(Input material begins)

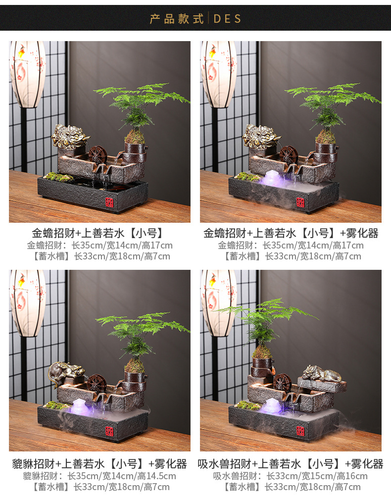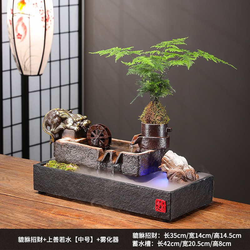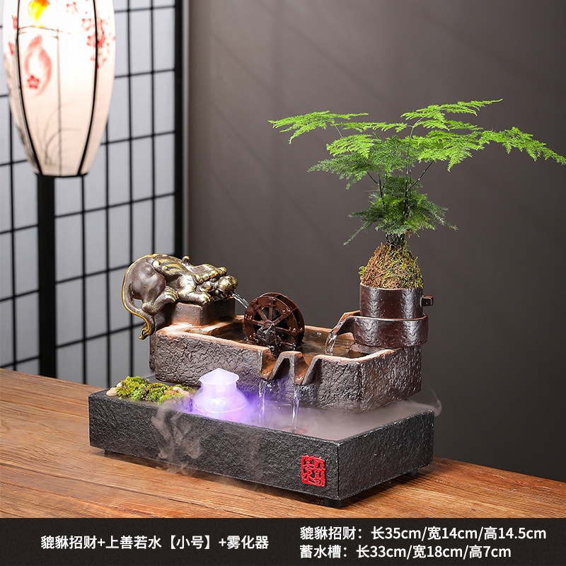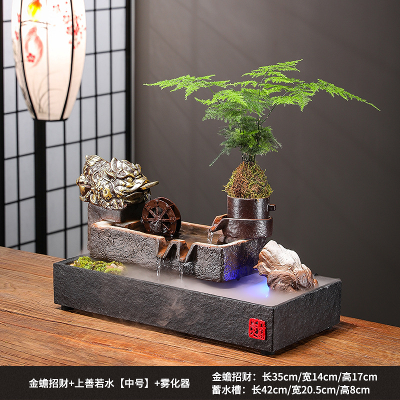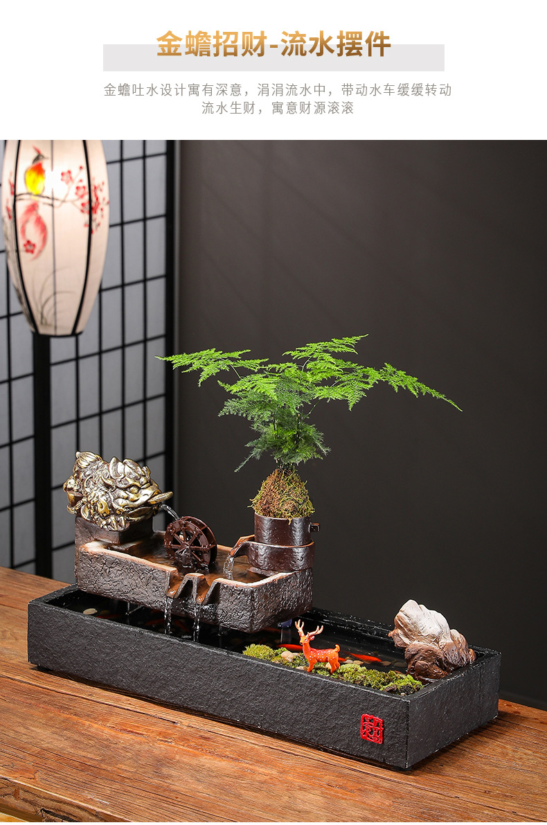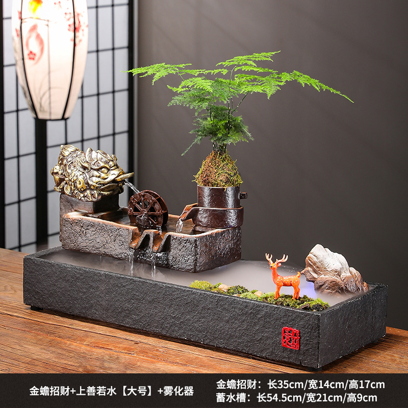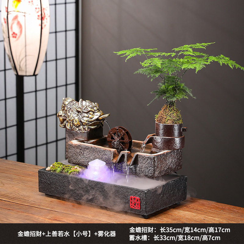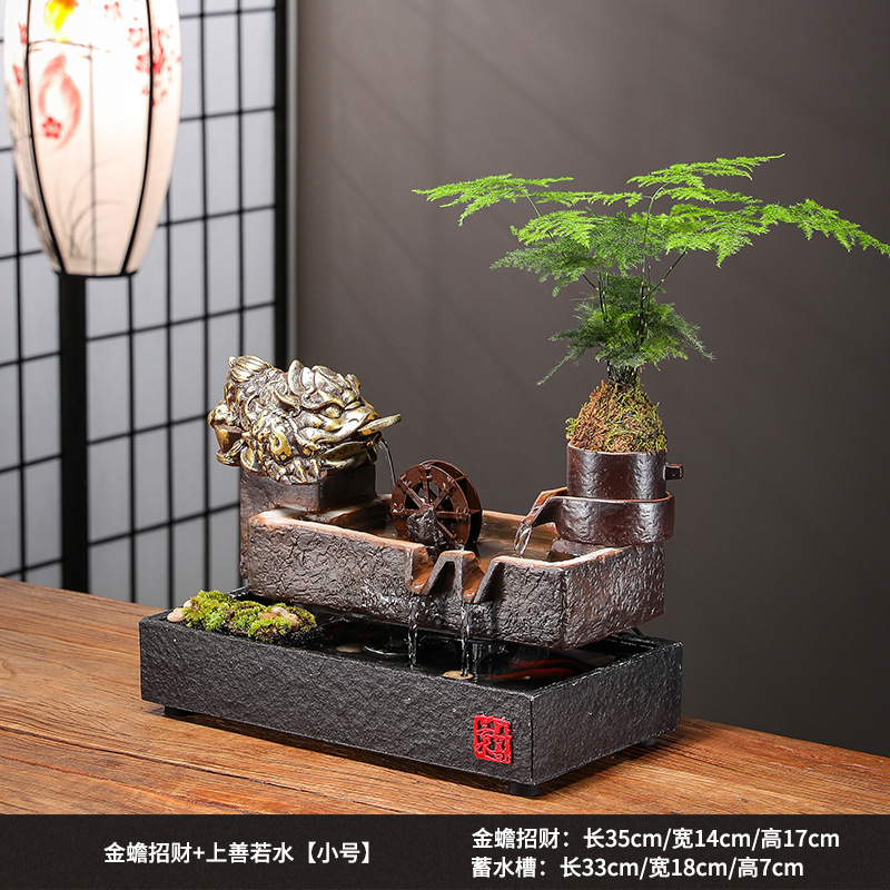 Zhaocai 흐르는 물 장식품 순환 물 창조적 인 Zhaocai 어항 사무실 거실 홈 데스크탑 집들이 오프닝 선물
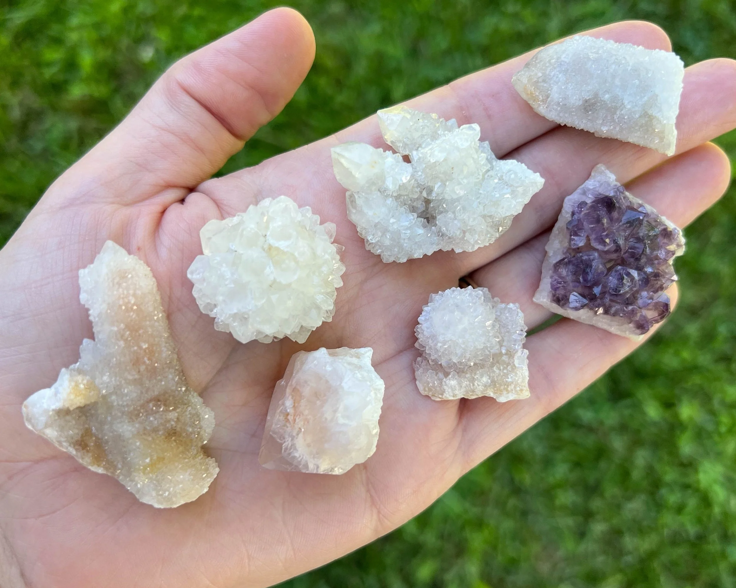 This is a crystal lot or set of seven small Spirit Quartz from South Africa. They are white and purple and have some orange iron coloring. There are points and clusters. And they are sparkly and awesome! <3 They make great pieces for jewelry making, home decor, altars, crystal grids, party favors, or a gift for anyone who loves crystals - including yourself :)
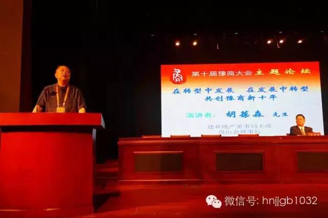 建業集團董事局主席、嵩山會理事長胡葆森先生 發表了“在轉型中發展 在發展中轉型 共創豫商新十年”的演講,對“為什么要轉型,如何轉型”做出精彩見解。“轉型不是轉行,而是圍繞既有的資源進行轉型。要充分利用互聯網思維,在相關的產業鏈上進行轉型”。
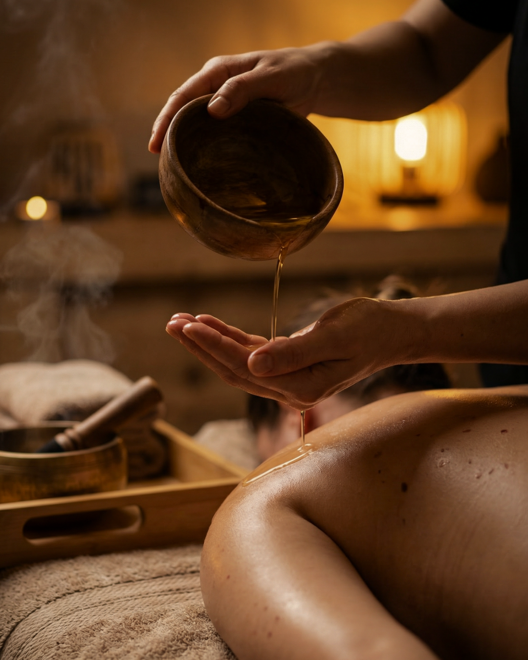 El masaje se acompaña de aceites que alivian el estrés y de técnicas suaves y profundas a la vez, que liberan el cuerpo de tensiones. Durante la experiencia, el sonido vibrante del cuenco tibetano se convierte en un lenguaje sutil que penetra más allá de la piel, armonizando la mente y expandiendo serenidad en cada célula.
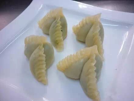 制作方法:面粉加入开水烫成面团,揉光搓条下剂子,擀成圆皮
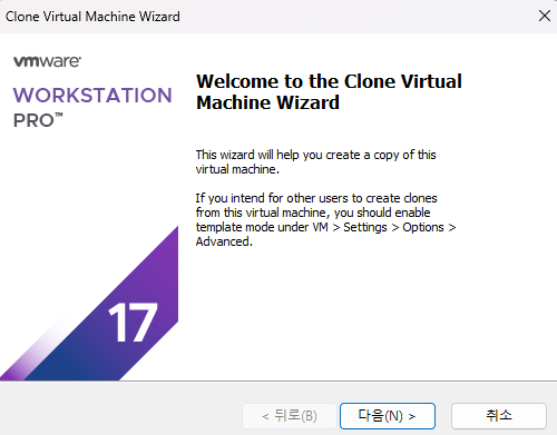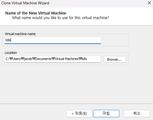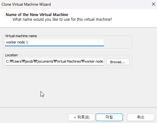 아까 만들었던 k8s VM을 클론하자. 사진은 worker node 1만 헀는데 worker node1, worker node 2 VM 두개 만들어서 똑같이 하면됨
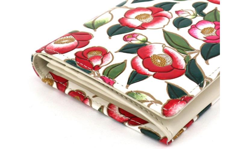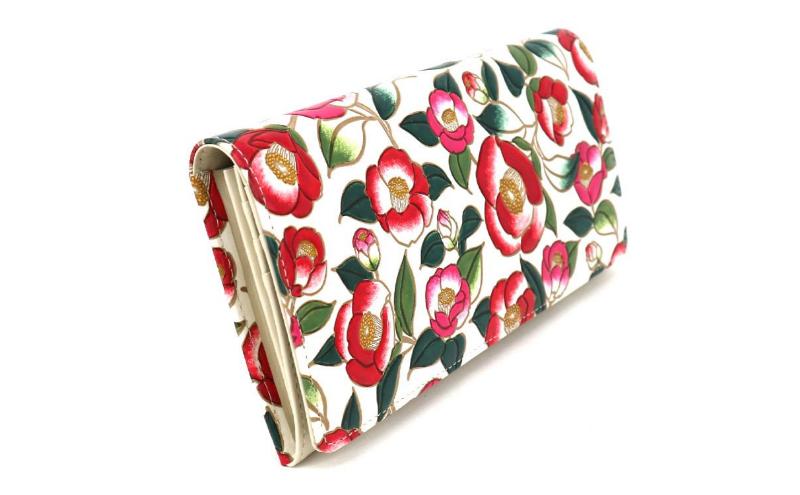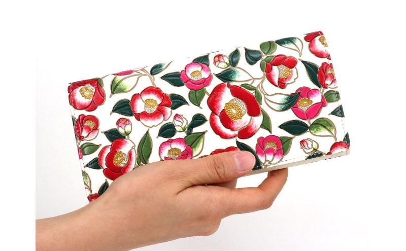 - 【文庫屋大関】束入れ 椿【皮革工芸品】 財布 お札 お札入れ 長財布 カード 小銭 牛革 手作り 日本製 墨田区 東京都
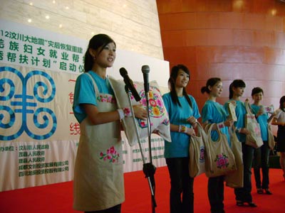 在稍后的一周時(shí)間內(nèi),5位中華小姐將前往羌民族世代聚居、同時(shí)也是受地震破壞嚴(yán)重的汶川、理縣、茂縣等地,與羌族婦女一起住帳篷、做刺繡,了解羌繡手工技藝、感受和記錄災(zāi)區(qū)同胞在災(zāi)后重建階段的生活狀況。5位華姐義工將在“壹基金”位于四川當(dāng)?shù)氐那祭C幫扶中心的培訓(xùn)指導(dǎo)下,了解羌繡的生產(chǎn)流程、參與產(chǎn)品的設(shè)計(jì)包裝,在進(jìn)行全面深入調(diào)研的基礎(chǔ)上集體完成羌繡幫扶報(bào)告并制定羌秀推廣計(jì)劃。5名華姐義工,有學(xué)習(xí)傳媒專業(yè)的,也有學(xué)習(xí)服裝設(shè)計(jì)專業(yè)的,我們會(huì)設(shè)計(jì)出有針對(duì)性和可行性的羌繡推廣方案,通過(guò)報(bào)紙、電視、網(wǎng)絡(luò)讓更多的人了解羌繡,同時(shí)也給羌繡手工藝品開(kāi)拓一片市場(chǎng),幫助受災(zāi)群眾盡快實(shí)現(xiàn)生產(chǎn)自救!
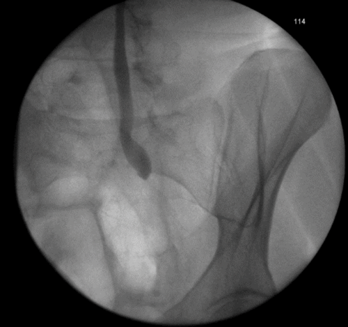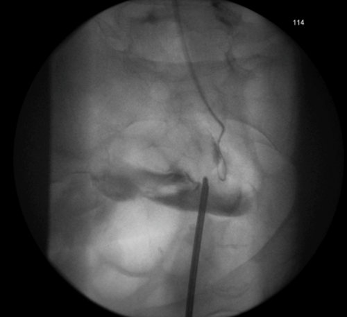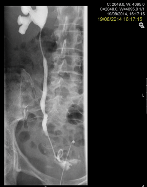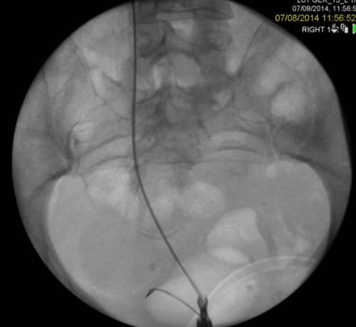 3c. Left intraoperative nephrostogram showing obliterated left distal ureter.
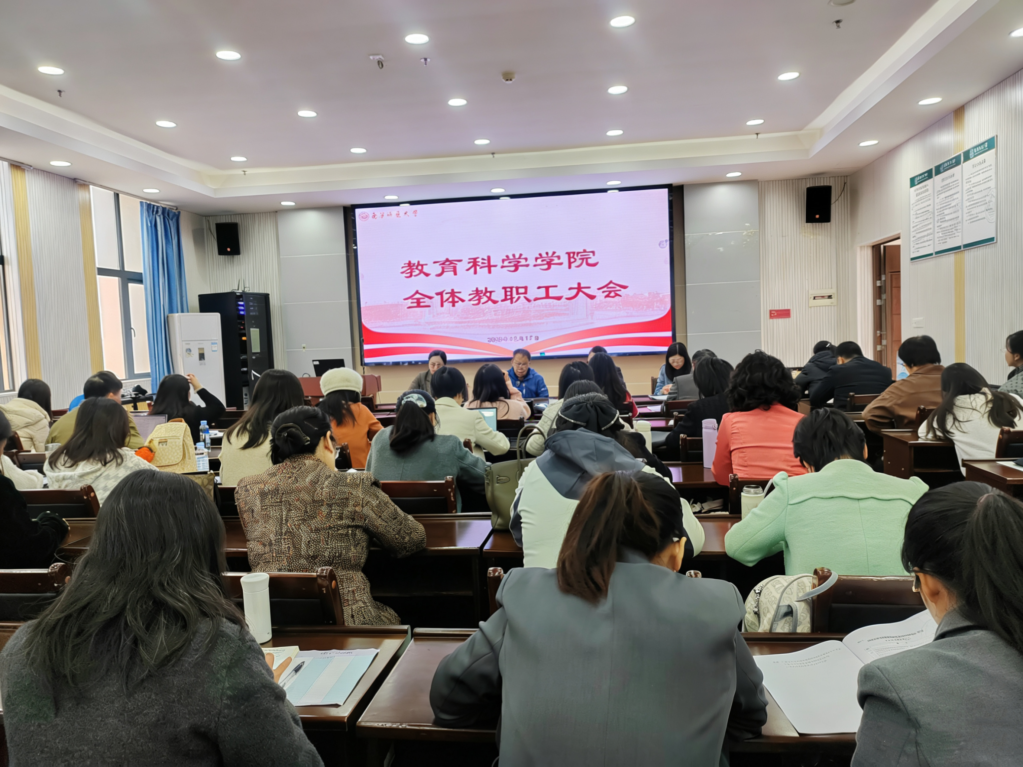 在五合校区理综楼1003会议室召开12月份全体教职工会议。会议由院长李强主持,学院全体教职工参会。
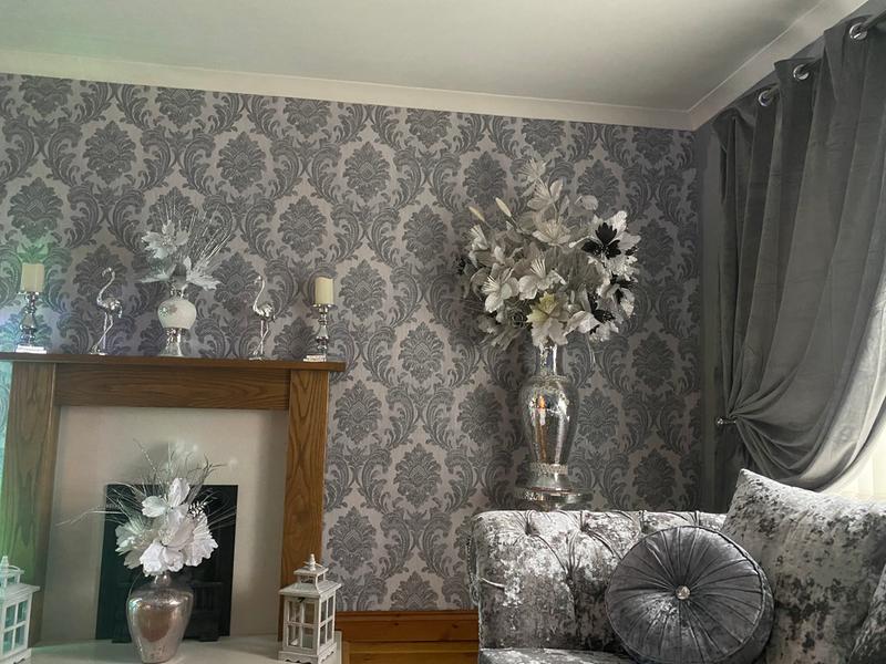 Fine Decor Verona Grey Damask Glitter Effect Textured Wallpaper

(Input material ends)

» **Your goal**:
Nothing but the lines above from the one that has "制作方法:面粉加入开水烫成面团,揉光搓条下剂子,擀成圆皮" down to the one that has "- 【文庫屋大関】束入れ 椿【皮革工芸品】" belongs in the answer, copied exactly, without pictures.

» **Task answer**:
 制作方法:面粉加入开水烫成面团,揉光搓条下剂子,擀成圆皮
 아까 만들었던 k8s VM을 클론하자. 사진은 worker node 1만 헀는데 worker node1, worker node 2 VM 두개 만들어서 똑같이 하면됨
 - 【文庫屋大関】束入れ 椿【皮革工芸品】 財布 お札 お札入れ 長財布 カード 小銭 牛革 手作り 日本製 墨田区 東京都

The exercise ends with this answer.